境川の顔、どこか緩やかな表情になっているように感じた。「豪栄道、お前、よく頑張ってきた。これでもういいだろう」、と言っているようにも見受けられる。
今日の朝刊に、千秋楽結びの一番で幕尻の徳勝龍に敗れた大関・貴景勝に、徳勝龍についてのことを訊いた応えが載っている。
貴景勝、こう語っている。
「強いから優勝したのでしょう」、と。何ともそっけない応えである。
貴景勝、天下の大関とはいえまだ23歳の若造である。心がない。徳勝龍のホワッとした心が23歳の若造には感じられない。

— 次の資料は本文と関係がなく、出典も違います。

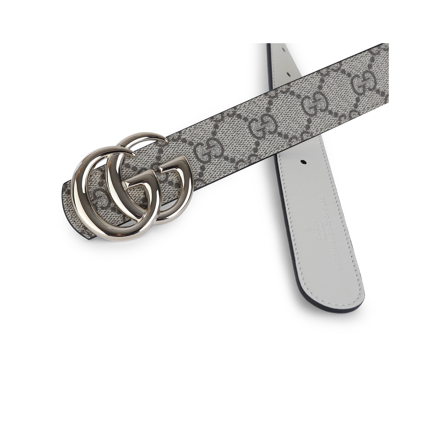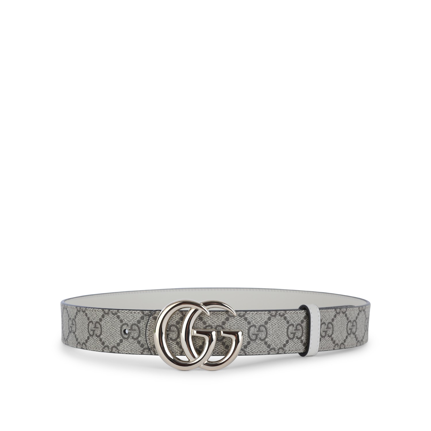 Beige belt from Gucci featuring monogram, adjustable size and GG gold tone hardware.
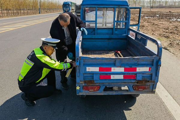 活動同時,民警還積極推進“亮尾工程”,他們深入田間地頭和農戶家中,本著“一臺不漏、一臺不少”的原則,為沒有反光標識的農用車粘貼了反光貼,對已陳舊、脫落的進行查缺補漏,掃除盲區和死角,消除事故隱患,為秋收保駕護航。

昨日、自らは敗れ引退のことごとに思いを巡らしていた豪栄道、こう語っていると報じられた。
「徳勝龍が優勝して良かった」、と。
豪栄道、ロクイチ組の後ろの方についてきた徳勝龍優勝のことを喜んでいる。
33歳、心のゆとりができるんだ。徳勝龍にしろ豪栄道にしろ。
まだこれからもという男にも、もう充分にやったという男にも。


中国、武漢で発生の新型コロナウイルスによる肺炎、拡大している。
最新情報では、感染者2800人、死者81人。武漢市は封鎖されている。1100万人の大都市が。陸路も空路も。
今日のマーケット、東証ばかりでなく世界中のマーケットで大幅に下げている。武漢での新型肺炎の拡大懸念である。

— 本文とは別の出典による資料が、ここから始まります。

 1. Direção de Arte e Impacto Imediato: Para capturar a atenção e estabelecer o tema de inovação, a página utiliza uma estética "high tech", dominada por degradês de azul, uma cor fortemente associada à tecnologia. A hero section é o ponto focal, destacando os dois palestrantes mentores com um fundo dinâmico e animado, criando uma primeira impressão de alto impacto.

武漢には日本人が560人いるらしい。日本政府は明日朝チャーター機を飛ばし、希望者を帰国させる予定だという。空港までのアクセスなど、中国側とまだ協議している模様だが。
今日、武漢には李克強が入った。中国政府、気合を入れて取り組んでいるという姿勢を見せている。
早い時期に押さえこまなければ、一帯一路なんてことを言っている場合じゃない。中国の威信、落ちこむぞ。